Populistische bewegingen waren in jaren 30 en 50 van de vorige eeuw zeer actief in Zuid-Amerika. Aan het begin van deze eeuw ontstond een nieuwe stroming, genaamd 'nuevo populismo', waarbij progressieve of linkse regeringsleiders aan de macht zijn gekomen. Je zoekt op internet naar antwoorden op de gestelde vragen.

Afronding

Samenvattend

Omschrijf de begrippen. Vergelijk ze met een klasgenoot.

Eindopdracht A

Maak de eindtoets.

Eindopdracht B

Maak een pakkende speech om je als nieuwe leider in Zuid-Amerika kandidaat te stellen.

Examenvragen Oefen met oudere examenvragen.

Terugkijken

Kijk terug op de opdracht.


Tijd
Voor deze opdracht is de studiebelasting ongeveer 3 SLU.

Aan de slag

Stap 1: Caudillos en cliëntelisme

Hitler liet zich graag ‘Führer’ noemen, Mussolini droeg de eretitel ‘Duce’ en Franco ging door het leven als ‘El Caudillo’. Allen waren ‘de leider’ van hun volk.
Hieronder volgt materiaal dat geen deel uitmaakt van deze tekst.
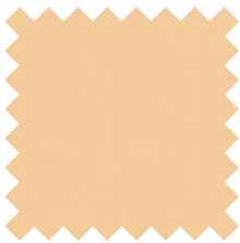
Brown (light beige) IPC 423

Caudillo betekent letterlijk ‘leider’, maar dit Spaanse woord wordt meestal gebruikt voor een speciale soort leider en wordt vooral in Latijns-Amerika gebruikt.

Laten we eerst de geschiedenis van Latijns-Amerika ophalen.
In 1492 komen de eerste Europeanen in Latijns-Amerika aan en binnen korte tijd wordt zo’n beetje het hele continent gekoloniseerd door Spanje, Portugal en later ook door Engeland, Frankrijk en Nederland.

Caudillos van de Revolutie
(Venezuela)

Pas eeuwen later, in de 19e eeuw, wordt het ene na het andere land in Latijns-Amerika onafhankelijk, meestal na een bevrijdingsoorlog. Menig land dat onafhankelijk werd, lag in puin. De meeste nieuwe regeringen waren niet opgewassen tegen de problemen in hun land en maar al te vaak trokken de caudillos, de rebellenleiders, de macht naar zich toe. Een caudillo is een krijgsheer, of met een ook veel gebruikte Engelse omschrijving, een warlord. Het is een militair bevelhebber die met een leger optreedt op eigen gezag, buiten het centrale gezag van zijn land.

Naarmate de macht van caudillos groeit, worden nationale legers machtelozer. De caudillos onderhielden sterke banden met hun soldaten en met hun aanhangers. Caudillos zorgden voor hun manschappen door ze allerlei gunsten te verleden: baantjes of een goed stuk grond. In ruil voor deze gunsten volgden de aanhangers onvoorwaardelijk de caudillo in de strijd en hun politieke aspiraties.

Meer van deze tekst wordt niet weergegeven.